Zykovian closed into the clearing (assuming he spotted the scouts approach).

*Looking into the clearing, he saw the lizardman with the unconscious dragon, the gnome and the scouts.  Zykovian looked back to Zass'sk, smiled, then to the scouts.*

"So, what did you find out from the village?"  Zykovian asked.


----------



## Dark Nemesis (Nov 9, 2004)

*Quietly, Alyshia made her way back to camp, assuming that Eleth was right behind her.  Upon arriving, she looks around, and gives Zass’sk a curious look upon seeing him holding the unmoving faerie dragon.*  “Why did you kill him?
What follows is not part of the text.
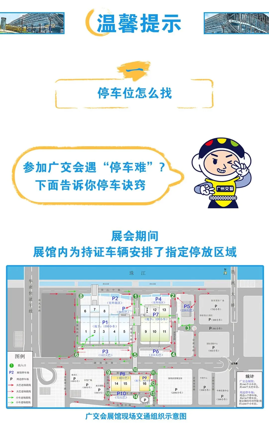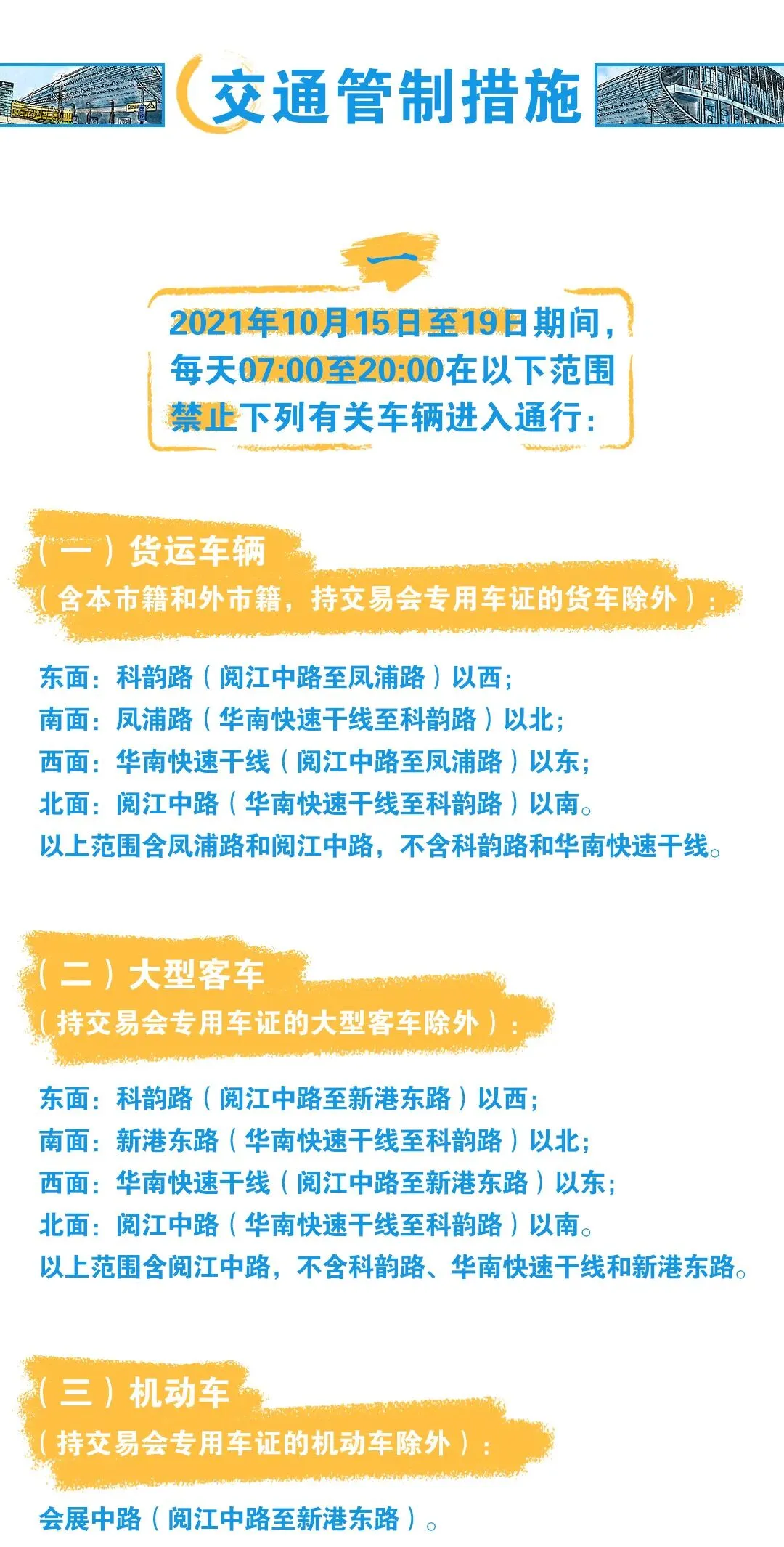 采样时间:10月11日-18日10:00-21:00。1.广交会展馆1号门(广交会展馆1号门公交会展中心码头站旁)2.广交会展馆2号门(广交会展馆2号门公交会展中心北站旁)5.广交会展馆C区(广交会展馆C区16号馆北面人行道)采样时间:10月15日-19日8:30-15:005.中大凯丰酒店(海珠区滨江东路588号中山大学北门)8.广州华海大酒店(海军华海大厦)(海珠区江南大道中232号A座)采样时间:10月11日14:00-22:00,10月12日-18日18:00-22:00(一)(二)采样点,参展参会人员在穗康小程序“广交会专区”预约后,可持本届广交会有效证件前往检测;(三)采样点,参展参会人员无需预约,持本届广交会有效证件即可检测。❖广交会期间,八号线将采用广交会专用时刻表,即工作日期间,预计高峰期上线 39 列车,较日常增加 4 列;周六、日期间高峰上线 37 列车,较日常增加 10 列。❖广州地铁将进一步严格落实进站防疫排查,做到三个100%,即100%测温、100%亮码通行、100%佩戴口罩。❖地铁进站乘客均需按照“人过门、物过机”要求实施安检。❖广交会举办期间,将按规定不实施“开四停四”管理措施。❖警方建议前往参展的朋友,尽量选择公共交通工具,避开早晚高峰时段,服从现场民警和工作人员指挥。❖这些路段将实施交通管制。

Then, she looked to Zykovian.  “There is a caravan of halflings in the village, with a half-silver as their leader.  I think they are the ones that we are to make contact with.”


----------



## Zerth (Nov 9, 2004)

*Zass'sk*

*Zass'sk looks at first Zykovian and then Alyshia with blank face.*

 "Not dead, just sleeping," he clarifies. "It was snooping the chests. Can't say, if it was intentional spying. Could've been just foolish curiosity."


----------



## Nac Mac Feegle (Nov 9, 2004)

OOC:  Sorry for my prolonged absence, life has been crazy lately.

*Eleth frowns at the unconscious creature.*  "So what can we do with it?  If we let it go and it's a spy, we've lost.  If we keep it with us, it can sabotage us intentionally or unintentionally.  If we had a truth spell we could decide, but we don't.  Killing it may be the only reasonable option."


----------



## Keia (Nov 9, 2004)

*Zykovian Sarellion, Half Sapphire Dragon 97/101 hps*

"I will speak with the dragon to see if it understands who is in charge and the consequences of being nosy.  If I am not satisfied, then we'll do what we must," Zykovian answered.  "Anyone is welcome to witness the conversation . . . "

Zykovian will ask that the creature be bound securely, then for eeryone to step back.  At which point in time, he will manifest his null psionics field, then question the fairie dragon and impose his will (intimidate) on the dragon.  If he doesn't think the dragon will conform . . . we'll go from there.


----------



## Zerth (Nov 13, 2004)

*Zass'sk*

*Zass'sk tosses the limp little dragon to Zykovian.*

 "Do what you want with it. I'm still on duty," the hulking lizardman says and resumes his position next to the chests.


----------



## Keia (Nov 14, 2004)

*Zykovian, Half Sapphire Dragon Fighter/Rogue: 97/101 hps, 24pps*



			
				Zass'sk said:
			
		

> "Do what you want with it. I'm still on duty," the hulking lizardman says and resumes his position next to the chests.




Surprised, Zykovian almost didn't catch the little dragon.  He nodded in understanding to Zass'sk, then looked to the others.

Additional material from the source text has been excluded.